Aripiprazole is also a partial agonist of the serotonin 5-HT1A receptor (intrinsic activity = 68%). Casting doubt on the significance of aripiprazole's agonism of 5-HT1A receptors, a PET scan study of 12 patients receiving doses ranging from 10 to 30 mg found 5-HT1A receptor occupancy to be only 16% compared to ~90% for D2. It is a very weak partial agonist of the 5-HT2A receptor (intrinsic activity = 12.7%), and like other atypical antipsychotics, displays a functional antagonist profile at this receptor. The drug differs from other atypical antipsychotics in having higher affinity for the D2 receptor than for the 5-HT2A receptor. At the 5-HT2B receptor, aripiprazole has both great binding affinity and acts as a potent inverse agonist, "Aripiprazole decreased PI hydrolysis from a basal level of 61% down to a low of 30% at 1000 nM, with an EC50 of 11 nM". Unlike other antipsychotics, aripiprazole is a high-efficacy partial agonist of the 5-HT2C receptor (intrinsic activity = 82%) and with relatively weak affinity; this property may underlie the minimal weight gain seen in the course of therapy. At the 5-HT7 receptor, aripiprazole is a very weak partial agonist with barely measurable intrinsic activity, and hence is a functional antagonist of this receptor. Aripiprazole also shows lower but likely clinically insignificant affinity for a number of other sites, such as the histamine H1, α-adrenergic, and dopamine D4 receptors as well as the serotonin transporter, while it has negligible affinity for the muscarinic acetylcholine receptors.

Since the actions of aripiprazole differ markedly across receptor systems aripiprazole was sometimes an antagonist (e.g. at 5-HT6 and D2L), sometimes an inverse agonist (e.g. 5-HT2B), sometimes a partial agonist (e.g. D2L), and sometimes a full agonist (D3, D4). Aripiprazole was frequently found to be a partial agonist, with an intrinsic activity that could be low (D2L, 5-HT2A, 5-HT7), intermediate (5-HT1A), or high (D4, 5-HT2C). This mixture of agonist actions at D2-dopamine receptors is consistent with the hypothesis that aripiprazole has "functionally selective" actions. The "functional-selectivity" hypothesis proposes that a mixture of agonist/partial agonist/antagonist actions are likely. According to this hypothesis, agonists may induce structural changes in receptor conformations that are differentially "sensed" by the local complement of G proteins to induce a variety of functional actions depending upon the precise cellular milieu. The diverse actions of aripiprazole at D2-dopamine receptors are clearly cell-type specific (e.g. agonism, antagonism, partial agonism), and are most parsimoniously explained by the "functional selectivity" hypothesis.

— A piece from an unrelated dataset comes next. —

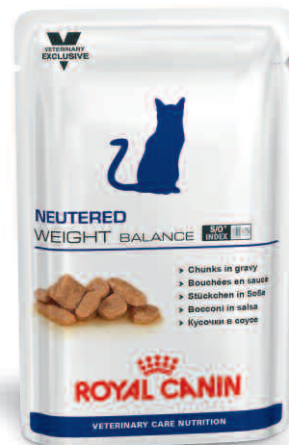
Frischebeutel: 100 g

Ein synergistischer Antioxidanzienkomplex aus Vitamin E, Vitamin C, Taurin und Lutein hilft, freie Radikale zu neutralisieren.

Since 5-HT2C receptors have been implicated in the control of depression, OCD, and appetite, agonism at the 5-HT2C receptor might be associated with therapeutic potential in obsessive compulsive disorder, obesity, and depression. 5-HT2C agonism has been demonstrated to induce anorexia via enhancement of serotonergic neurotransmission via activation of 5-HT2C receptors; it is conceivable that the 5-HT2C agonist actions of aripiprazole may, thus, be partly responsible for the minimal weight gain associated with this compound in clinical trials. In terms of potential action as an antiobsessional agent, it is worthwhile noting that a variety of 5-HT2A/5-HT2C agonists have shown promise as antiobsessional agents, yet many of these compounds are hallucinogenic, presumably due to 5-HT2A activation. Aripiprazole has a favorable pharmacological profile in being a 5-HT2A antagonist and a 5-HT2C partial agonist. Based on this profile, one can predict that aripiprazole may have antiobsessional and anorectic actions in humans.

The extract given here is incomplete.